Question: We’re in the middle of a global pandemic. Police are killing innocent black men and women right and left. The country is already in a cultural civil war. I don’t trust our government. How could I not be concerned with the state of the nation? It seems to have gone mad. Anymore when I watch the news, I feel like my heart’s on ice. I feel frozen with fear about the future. How do I even begin to see any of this in a positive light?
Michael Richardson-Borne: Please know it’s not necessary to see what is happening in this country in a positive light. You don’t get any “spiritual bonus points” for being in a good mood or spreading the story of “love and light.” The way the world is presenting itself to you right now is exactly as it should be. Keep your hands completely off what it is you are feeling and let what is there be there fully. What is present is never a lie. The only lie is if you tell yourself what’s present is a personal point of view that defines your absolute condition.
So, take a look right now and if your feelings (whether they are viewed as positive or negative) are personally felt, as real as the feelings are, you are still being deceived.
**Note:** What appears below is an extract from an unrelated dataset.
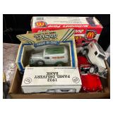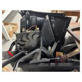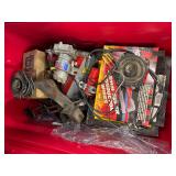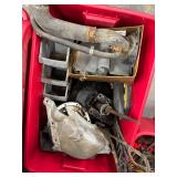 Automotive Parts & Components- Automotive items incl. Chevy engine, engine parts, wheels, radios and wiring, muffler clamps, suspension tools, magazines, lift tools, transmissions, chain hoists, Chevy transfer case parts, V8 cylinder heads, intake manifolds, ramps, manifold gasket sets, camshafts, truck frame, chrome piping, lighting, cab, truck bed, doors, fenders, mini tubs, rear axles, seating, mufflers, mirrors, truck hood, windows, miscellaneous parts, and much more.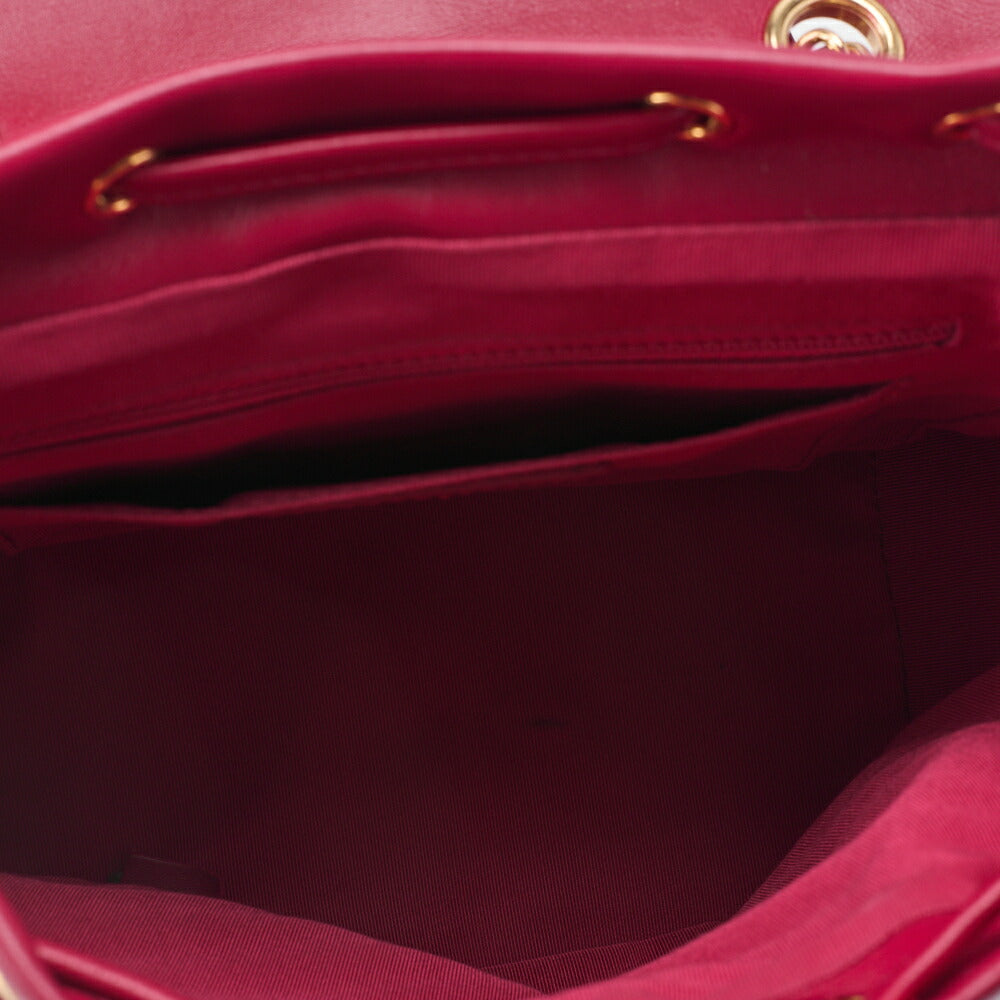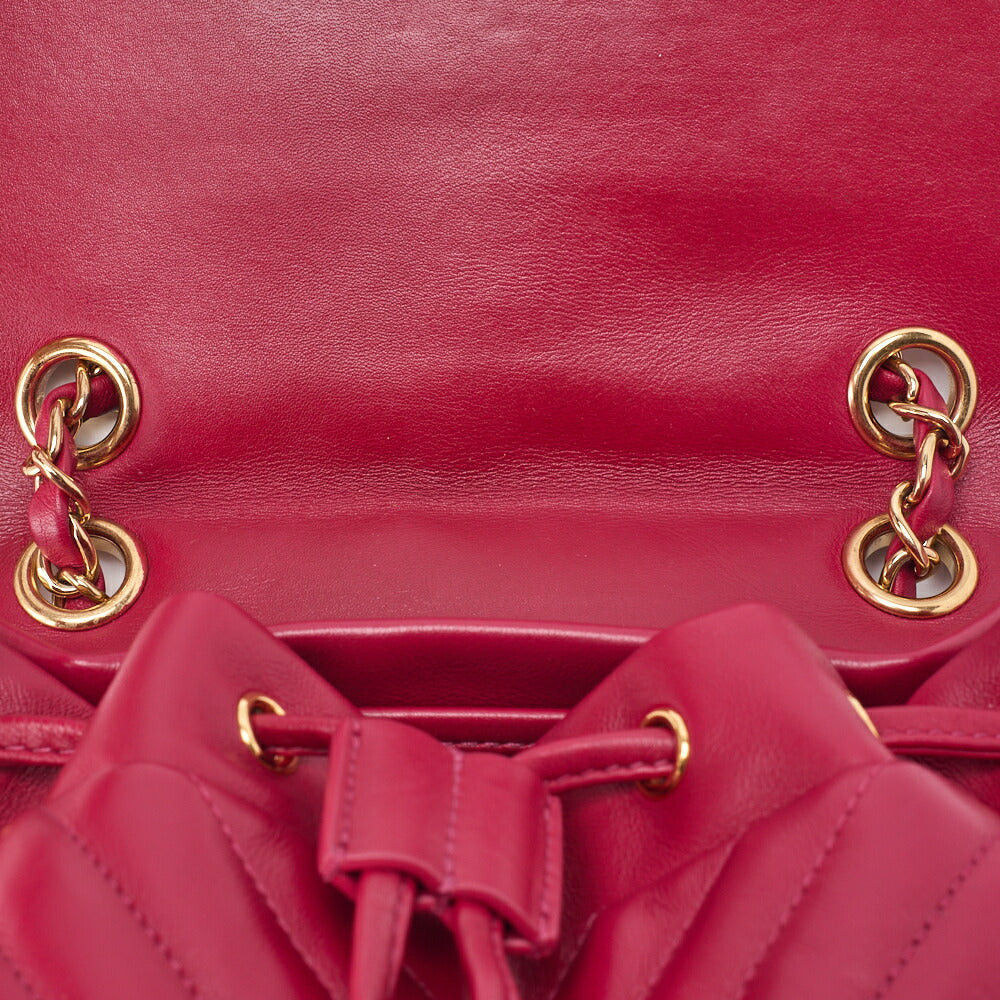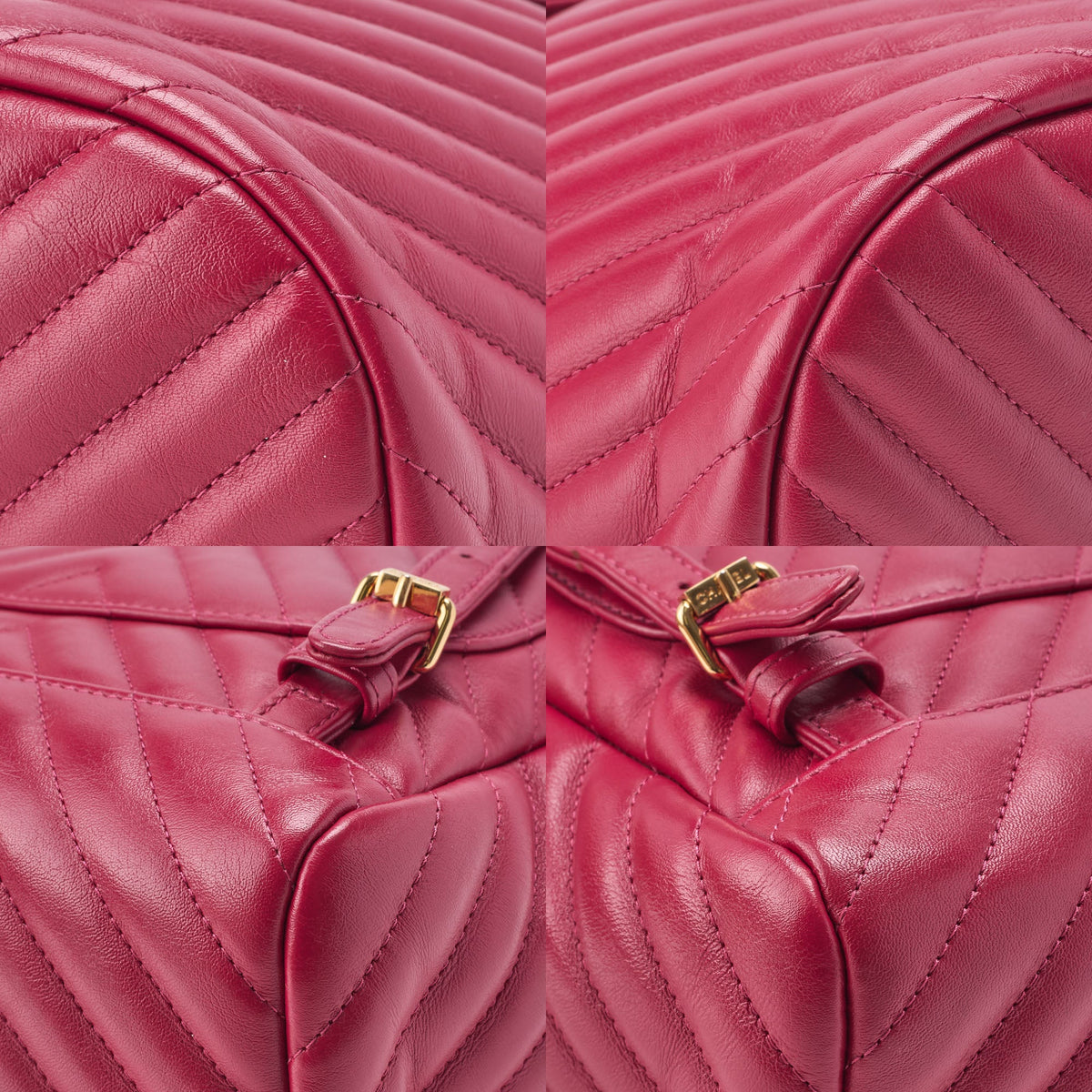 Elevate your accessory game with the CHANEL Lambskin V Stitch Turn Lock Backpack in Pink, adorned with elegant gold fittings. This stunning shoulder bag is the perfect blend of luxury and functionality, ideal for the modern woman on the go.

It’s what I call being locked in a Separate Self. No amount of positive thinking will free you from this separation. Projecting contentment with your life situation does not help you remember who you are as the Impersonal existence of Non-separation.
In fact, you’re probably a step closer to remembering Non-separation in your more downtrodden state because you’re actively questioning the cultural symptoms caused by the belief in a Separate Self. From where you are, it’s just a matter of developing the depth of your questioning. Try this – instead of questioning the government, begin questioning your own form of self-governance. When did your self-governance take control? What is it that governs a mind and body outside of yourself? If autonomous action isn’t real, where does the need for self-governance come into play?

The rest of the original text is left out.